Phil Plait also wades in on the subject, and highlights some of the range of errors - for example, the impact crater might date from 3 million BC instead: Deep freeze impact: Scientists find a *huge* asteroid impact crater under Greenland’s ice

In the meantime, the Young Dryas theory - which posits an impact caused our most recent ice-age - remains contentious: Younger Dryas impact hypothesis - Wikipedia

Either way, it makes for a very interesting discovery, because if proven true then it could help provide a clearer understanding of prehistory.


----------



## Robert Zwilling (Dec 2, 2018)

Maybe hitting a thick bed of ice created a massive steam explosion that vaporized whatever was thrown out and maybe straight up into the atmosphere rapidly injecting nothing bigger than dust which stayed up in the sky for a long time. There is fractured sand in the area which must be coming from somewhere, perhaps it was forced downward and never got in the air, not much going sideways. 

A layer of ice would completely change the nature of the explosion. The ice might splash out as fast as water would, hanging around an extra second might make for a much worse explosion. A layer of ice backed by thick rock might even make a shaped explosion. A strange feature of nuclear bomb explosions under water is that there is no sign of what happened afterwards. Maybe the cold ice on rock also creates unusual explosions. 

There are many routes leading into and out of an ice age, none of them clear cut, but injecting a large amount of fine dust into the upper atmosphere would seem to be one way to trigger a short lived ice age if other conditions were right. The timing of the rising rising waters and glacier formation around 12,000 years ago have been described as pulsed. An ending long term ice age would be bumpy, events could push it temporarily one way or another as it ran out of steam. 
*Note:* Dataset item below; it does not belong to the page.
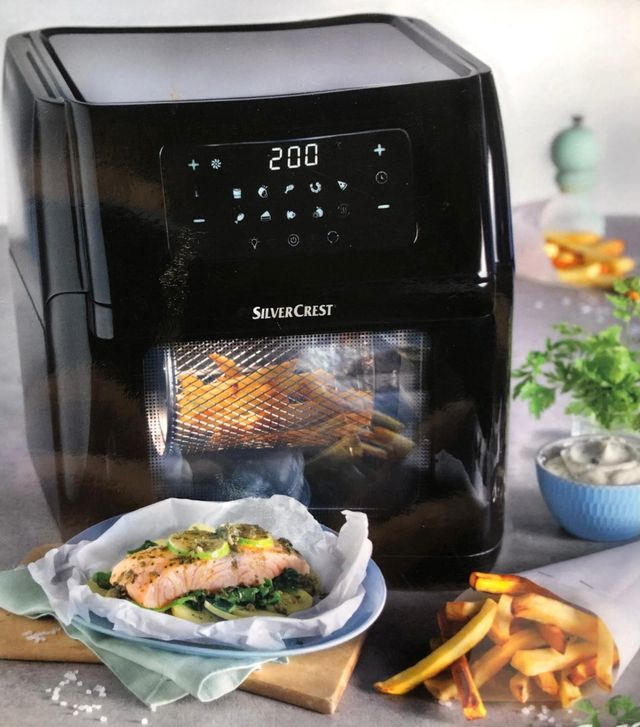 Freidora de aire caliente nueva a estrenar. 3 bandejas Biombo para patatas,verduras etc Palo y pincho para asar carne Pinchos para pinchitos

We have been entering this current warming period for a long time now. Much longer than realized. Supposedly things like aerosols slowed down the warming up by adding a filtering layer to the atmosphere. All those above ground nuclear bomb test explosions injected a lot of dust into the air, maybe that slowed things down as well. Just have to wait for the crater floor to be examined to find out more, someone will want to do it fairly soon.


----------